The vision is usually the same.
I walk into a child care centre with Baby C in my arms. In my vision, he is a chubby little one year old, with chunky legs and merry pink cheeks that bring out his bright blue eyes.
We are met by a smiley young lady who speaks to Baby C in a sing song voice. He smiles at her, and then looks to me with wide eyes as if to say, is she okay, Mum? I hand Baby C over to her. I let go of him, slowly, hesitating as if I’m placing a china tea set down on a glass table. He looks the kind stranger up and down before looking at me, with fear in his eyes. Then I turn and walk away.
So, that’s it. I play this scenario in my mind over and over and, like a broken record, it jars and repeats in the same spot.

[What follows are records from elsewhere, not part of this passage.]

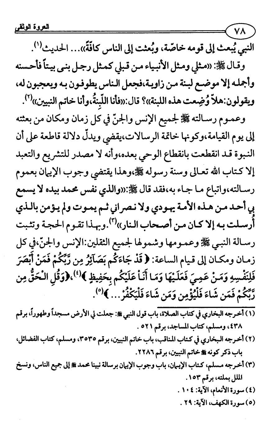 وعموم رسالته - صلى الله عليه وسلم - لجميع الإنس والجنّ في كل زمان ومكان من بعثته إلى يوم القيامة، وكونها خاتمة الرسالات، يقضي ويدلّ دلالة قاطعة على أن النبوة قد انقطعت بانقطاع الوحي بعده، وأنه لا مصدر للتشريع والتعبد إلا كتاب الله تعالى وسنة رسوله - صلى الله عليه وسلم -،وهذا يقتضي وجوب الإيمان بعموم رسالته، واتباع ما جاء به، فقد قال - صلى الله عليه وسلم -: ((والذي نفس محمد بيده لا يسمع بي أحد من هذه الأمة يهودي ولا نصراني ثم يموت ولم يؤمن بالذي أُرسلت به إلا كان من أصحاب النار)) (¬2).وبهذا تقوم الحجة وتثبت رسالة النبي - صلى الله عليه وسلم - وعمومها وشمولها لجميع الثقلين: الإنس والجنّ، في كل زمان ومكان إلى قيام الساعة: {قَدْ جَاءَكُم بَصَآئِرُ مِن رَّبِّكُمْ فَمَنْ أَبْصَرَ فَلِنَفْسِهِ وَمَنْ عَمِيَ فَعَلَيْهَا وَمَا أَنَاْ عَلَيْكُم بِحَفِيظٍ} (¬3)، {وَقُلِ الْحَقُّ مِن رَّبِّكُمْ فَمَن شَاءَ فَلْيُؤْمِن وَمَن شَاءَ فَلْيَكْفُرْ ... } (¬4).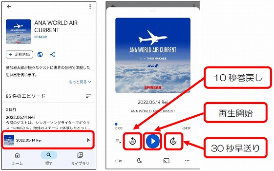 ポッドキャストは録音されたものを聴くため、一時停止や早送り、巻き戻しなどができます。散歩や家事、運転などしながら、イヤホンやヘッドホンで気軽に楽しみましょう。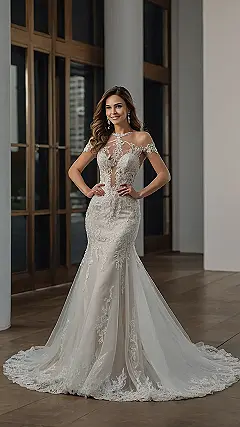 Planning a summer wedding? This dress says “I’m ready to party,” even though it also screams “I’m sophisticated!” It’s like the dress version of that one friend who can rock a math test in the morning and then nail a TikTok dance challenge in the afternoon. Seriously though, with all that lace and the gorgeous train, you’ll be floating down the aisle like you’re on a cloud made of wedding cake.

Right at the moment where I walk away from my precious baby.
In case you hadn’t guessed by now, this is me trying to prepare for the inevitable. In six months’ time, I will need to go back to work. Which is great and really exciting. If I forget all about my beautiful little boy and his sweet, china doll face.

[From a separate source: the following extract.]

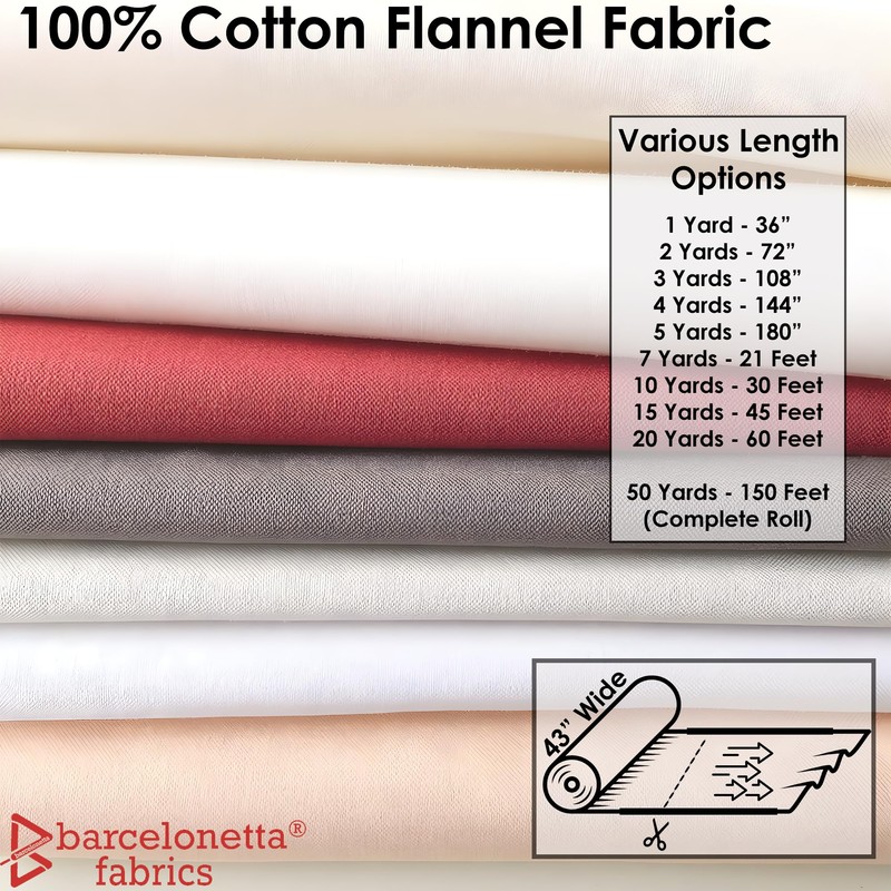 - DURABLE AND COZY FLANNEL FABRIC FOR CRAFTS - Cotton flannel fabric is a must-have for sewing and crafting. Made from 100% cotton, this flannel fabric is perfect for creating warm blankets, pajamas, and pet beds. Use this cotton fabric for sewing quilts, tablecloths, and other home décor items. This flannel fabric offers the softness and quality you need for every creative project.

When I became pregnant, something changed deep inside me. At risk of sounding like a free loving hippy, I became more aware of my inner cave woman. I started to realise just how animalistic us human beings really are. As soon as Baby C was born, I found myself listening very carefully to my instincts. As a result, I think I’ve managed many a tricky situation with very little heartache for both myself and little Baby C.
In going back to work, for the first time since I became a Mother, I will need to ignore my inner cave woman. When she tells me to stay and comfort my crying baby, I will need to walk away. And I know it will only be for a couple of days a week. I know I need to chill. But it is a lot harder than I had expected it would be. And this is only me THINKING about it.
So, now is the time for me to fill my cup up to the half full point. I need to think about the benefits of this scenario. And I know there will be many. For the next 6 months, I will try to fill my mind with images of my beautiful bouncing baby looking forward to his days away from Mummy. It does fill my heart with warmth to think of him playing and laughing at funny little friends.
Mummy just wishes that she was going to be one of them.